Stride-Interpolated Delay

Geraint Luff
original

When we change the length of a delay-line, we usually use either a smooth slide (with detuning) or a cross-fade (with comb-filtering artefacts). Let's look at a third option!

Let's say you have a delay line, where you're writing into a buffer, and reading out from a previous position in the buffer:

We want to somehow transition to a new delay length:

We look at a couple of ways to go about this, and then explore a (slightly quirkier) third approach.

Typical approaches

There are generally two solutions to this problem:

  1. Smoothly slide the delay time
  2. Fade between two distinct delay times

Let's consider both options in terms of a dynamically-changing impulse response, and look at the frequency-domain implications.

For all of the illustrations below, we're going to transition between a 20-sample delay and a 25-sample delay.

Smoothly sliding the delay time

Here, we have a single delay tap, which smoothly varies between the two lengths.

Even if the start/end delays are an integer number of samples, the intermediate delays won't be - so we need a fractional delay:

Impulse, amplitude (freq) and phase-response for windowed-sinc (solid) and linear (dotted) interpolation

Here we've used 10-point windowed-sinc interpolation (Lanczos), and you can see the impulse response shifting around to produce the fractional delay. The frequency response shifts with it, but it's mostly flat and smooth aside from the top end.

For comparison, we've also included linear interpolation, where the frequency response is much less consistent.

Modulation / aliasing

As delay-time moves, the shifting frequency-response ends up modulating certain frequencies (both in amplitude, and with an uneven phase response). When this happens quickly, it can produce ugly artefacts, spreading those frequencies out across other parts of the spectrum.

This clearly shows the benefits of high-quality interpolation methods when changing delay-length. It's not just that the responses are flat, but they are more consistent for different fractional delays, meaning you don't accidentally modulate parts of the signal.

Detuning

This method will also detune the input. On the plots, each frequency is constantly shifting phase (with higher frequencies moving faster), which ends up shifting that frequency up or down in the output.

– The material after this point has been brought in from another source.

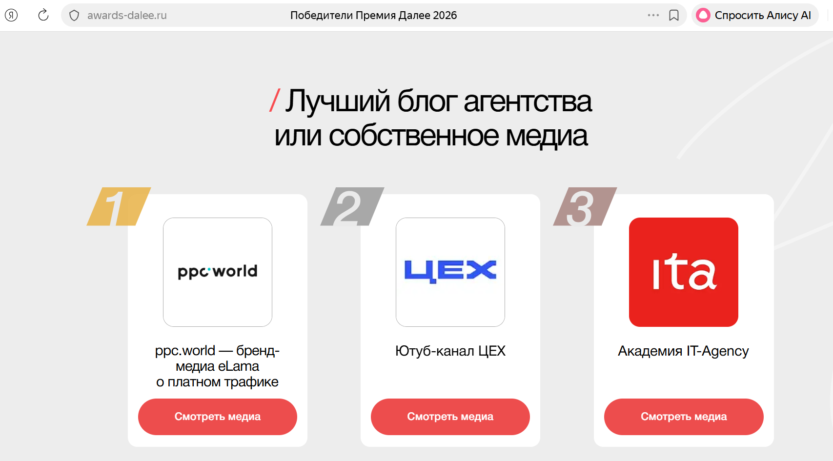 ppc.world — победитель в номинации «Лучший блог агентства или собственное медиа» |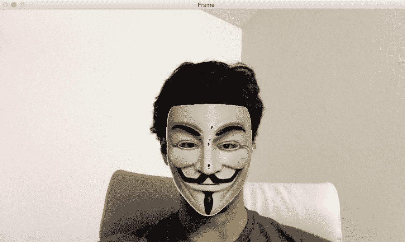 OpenCV 提供了一个很好的人脸检测框架。 我们只需要加载级联文件,并使用它来检测图像中的人脸。 当我们从网络摄像头捕捉到视频流时,我们可以将滑稽的面具覆盖在我们的脸上。 它看起来如下所示:

If you're deliberately modulating the delay line (e.g. in a chorus effect), you want this detuning! But in other cases, you don't, and the detuning is a problem - often tackled by limiting how fast the delay-time can change.

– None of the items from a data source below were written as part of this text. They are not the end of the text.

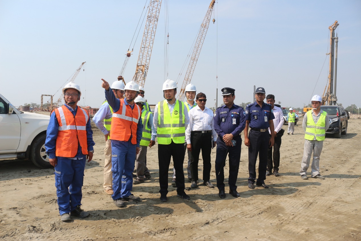 2019年2月23日,驻孟加拉国特命全权大使张佐莅临我公司孟加拉吉大港艾萨拉姆超超临界燃煤机组桩基工程施工现场进行视察。公司驻孟加拉办事处主任李福来、项目经理丁伟和EPC总包单位山东电建三公司部分员工以及吉大港市警察局最高警司全程陪同。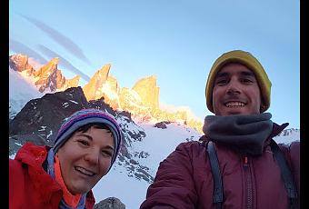 Éramos unos cuantos saliendo del Campamento Poincenot abrigados como esquimales y con los frontales encendidos camino a la base del Cerro Chaltén.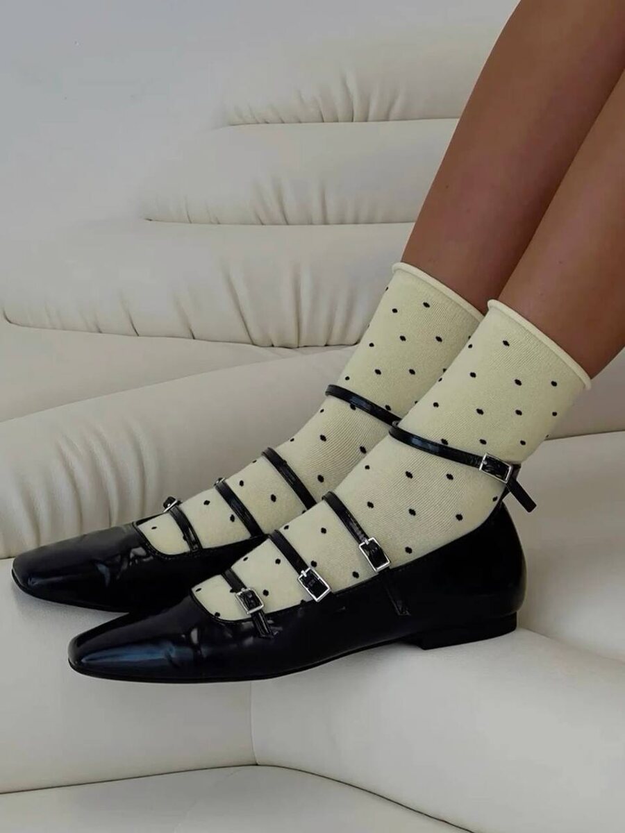 То, что туфли и босоножки в этом сезоне можно смело носить с носками, мы уже поняли. Теперь переходим к экспериментам. Чтобы образ выглядел стильно, просто замените привычную белую пару на акцентную: например, яркого цвета или с трендовым принтом. Grazia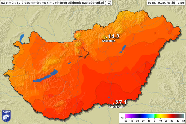 forrás: Országos Metetorológiai Szolgálat: maximum hőmérséklet 2020.03.12., (hitelesítés előtti adatok).

Fading between delay-times

This method is simple to implement, particularly if your delay lengths are always integers. You compute the output for both delay lengths, and fade from the old one to the new one:

The phases stay mostly stable, so we avoid the detuning. Unfortunately, during the fade we have a comb pattern in the frequency response, which can colour the sound.

If this only happens occasionally (e.g. when the user explicitly moves a dial), it could be fine - but if the delay time is constantly shifting, you'll constantly have these comb-filter artefacts.

Stride-interpolated delay

So here's the idea: as well as the start/end delay times, we calculate some additional delay times before and after this (with the same spacing, or "stride").

We then use these to shift between the delay times - like a fractional delay, but instead of using adjacent samples, the delay taps are spaced-out:

Comparing the stride-interpolated delay (solid) versus the linear cross-fade (dotted).

We still get a comb-filter pattern, just as the fade did - but the notches are noticeably narrower! The better our interpolation scheme, the narrower these notches become.

And much like the "fade" method, the frequencies don't shift phase very much, so we won't get much detuning.

Drawbacks and limitations

Phase smearing

One possible issue is that the phase response has some sharper corners, corresponding to a less consistent group delay. This corresponds to a more spread-out impulse response, which could produce a diffuse/smeared sound during the transition (although this depends how far apart the old/new delay times are).

Large jumps

Another problem is that our stride has to be of limited size, otherwise we could end up trying to read future samples. One solution is to fall back to a worse interpolation method (e.g. linear) for larger changes, using this method only for smaller/gradual changes. This would also limit the impact of the phase-smearing mentioned above.

Links to the other methods

A different solution to the above large-jump issue would be to perform a series of faster, smaller transitions. When taken to its extreme, this becomes the "slide" method.

We can also interpret the "fade" method as an instance of stride-interpolated delay, just using linear-interpolation. The wider notches in the comb-filter pattern correspond to linear interpolation's uneven fractional-delay response.

A hybrid approach to fractional delays

If the start/end delays are adjacent integers, this method becomes a normal fractional delay. This raises the possibility of an approach which supports fractional delays using an "incomplete" transition between adjacent integer delay-lines.

When a transition is needed, it could move to an integer delay by "finishing" the half-completed transition, before stride-interpolating to another integer value, and then slide from there to its final (fractional) delay time.

When might this be useful?

I came up with this approach while considering how to modulate the pitch of a Karplus-Strong resonator (i.e. a high-feedback delay loop short enough to produce a note). This is usually changed using the "slide" method (to avoid comb-filter artefacts), but I was curious if there was a different way to do it.

But there are more practical applications: I once had a tricky problem with a tempo-synced delay, where when I automated the tempo, it detuned all the echoes as the delay-times shifted. But the tempo changed slowly throughout the whole track, so the standard alternative (fading) produced comb-filter artefacts.

Neither of the typical solutions deal well with constant small changes like this. Being able to transition delay times without comb-filter colouration or significant detuning is quite an appealing idea.

What next?

I haven't put this in an effect yet - the first step was to make sure the maths is sound. This has so far been a few sketches on bits of paper, and it's dead satisfying when the graphs come out looking exactly as I hoped/expected.

The plots above were based on a (rough) C++ implementation, and I might release that in case it's interesting/helpful for anyone else.

But for now, I'm going to stare some more at those hypnotically undulating graphs...